Methods: Adult patients with relapsing MS, who had at least 12 consecutive relapse-free months of NTZ treatment, and the presence of serum anti-JCV antibodies, were switched to TFM within 28 ± 7 days after their last NTZ infusion. Full physical and neurological exam, 3T brain MRI, and labs were performed at baseline, monthly for 6 months, and at 12, 18, and 24 months after initiating TFM. A total of 60 subjects have been screened and 51 of them competed baseline; the results of the 39 subjects who started TFM 6 months or more ago will be reported in this abstract.

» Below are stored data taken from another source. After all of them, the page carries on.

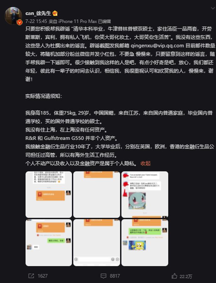 “我接觸金融衍生品行業10年了,大學畢業后,分別在英國,歐洲,香港的金融衍生品公司擔任過高管,所以有海外生活工作經歷?!毙烨诟硎?,網傳的個人信息系謠言,希望網友可以幫助自己辟謠。
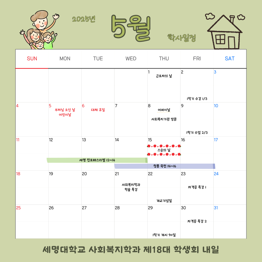 본문 시작 홈으로 커뮤니티 학과소개 교수소개 교육과정 현장실습 및 취업정보 커뮤니티 홈페이지가이드 학사일정 학과공지 학사일정 학생회 동아리 학생 소통 광장 포토갤러리 전공자료실 서식자료실 학사일정 페이스북 트위터 프린트 5월 학사 일정 사회복지학과 330 2025-09-04 2025학년도 5월 학사 일정입니다. 목록 이전4월 학사 일정 다음 6월 학사 일정 담당부서 : 사회복지학과 담당자 : - 연락처 : 043-649-1799 최종수정일 : 2024-10-26 만족도조사 만족도 조사 이 페이지에서 제공하는 정보에 대하여 만족하시나요? 매우만족 만족 보통 불만족 매우불만족
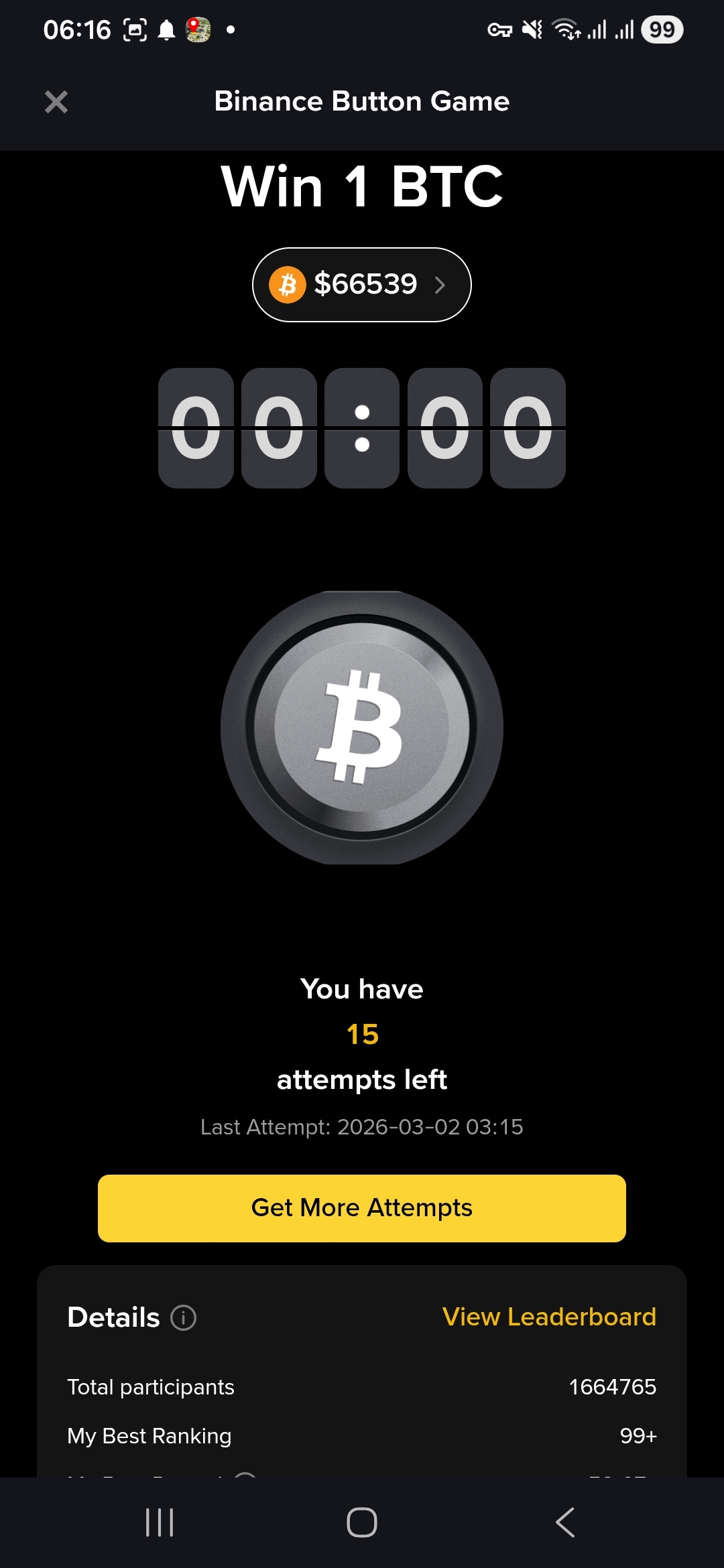 The Current Screen: my screen shows 00:00, but this usually means the timer is currently "stuck" at the start or waiting for the next round/click. Because there are over 1.6 million participants, i am almost always clicking the button, which resets the clock before it can actually "finish" at zero for a specific winner.

Results: 39 subjects, 74.36% female, age 47.74 (± 9.45) years (range 19-63), with a mean baseline EDSS of 3.10 ± 1.28 (range 1.0-6.0) were included in the analysis. Mean duration of prior NTZ treatment was 45.05 ± 25.70 months (range 12-114) and mean duration of TFM therapy was 14.59 ± 5.33 months (range 4-24). 41% of subjects (n=16) had new T2, enlarging T2, or enhancing brain lesions and 10% (n=4) had clinical relapses. Seven subjects had mild hepatic enzyme elevation, and 18 had mild-to-moderate hair loss. No cases of PML have occurred. 4 of the 39 subjects were withdrawn from the study before month 12: 3 had breakthrough disease and 1 had dental infection. As of April 21, 2016, we have observed a non-significant change in EDSS, from 3.15 (±1.34) at baseline to 3.06 (±1.56) at month 12, for the 33 patients who received at least 12 months of TFM therapy.

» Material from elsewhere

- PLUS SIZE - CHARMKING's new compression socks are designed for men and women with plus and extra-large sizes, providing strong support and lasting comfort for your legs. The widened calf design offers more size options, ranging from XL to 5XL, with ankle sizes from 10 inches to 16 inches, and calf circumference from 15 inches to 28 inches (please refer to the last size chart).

Conclusion: Our results demonstrate that early initiation of TFM was associated with a 10 % relapse rate following NTZ withdrawal, compared to previously reported rates of 30% or higher, which may be related, in part, to elimination of NTZ washout before initiating TFM therapy, and should inform decisions regarding washout strategies.
Disclosure:
Stanley Cohan serves on steering committees and advisory boards for Biogen, Novartis, Sanofi-Genzyme, Genentech, and Mallinckrodt, receives research support from Biogen, Novartis, Sanofi-Genzyme, Roche, Opexa, and Mallinckrodt, receives speaking honoraria from Biogen, Novartis, Sanofi-Genzyme and Acorda; received support for air travel, lodging and meals from Biogen, Novartis, and Sanofi-Genzyme
Keith Edwards received funding as consultant/advisor/speaker for Biogen & Genzyme and research support from Actelion, Biogen, Eli Lilly, Eisai, Forum Pharmaceuticals, Genentech, Genzyme/Sanofi, Hoffman- La Roche, Novartis, Pfizer, Vaccinex
Kyle Smoot serves on advisory board for Biogen and Teva, received speaking honoraria from Acorda, Biogen, Novartis, Serono, and Teva, and received research support from Biogen
Kiren Kresa Reahl received research support from Biogen and Novartis; received speaking honoraria from Biogen, EMDSerono, Genzyme, Mallinchrodt, Novartis, Pfizer, and Teva.
Tiffany Gervasi received travel support from Merck and TransTech.
Chiayi Chen and Judy O´Connor have nothing to disclose.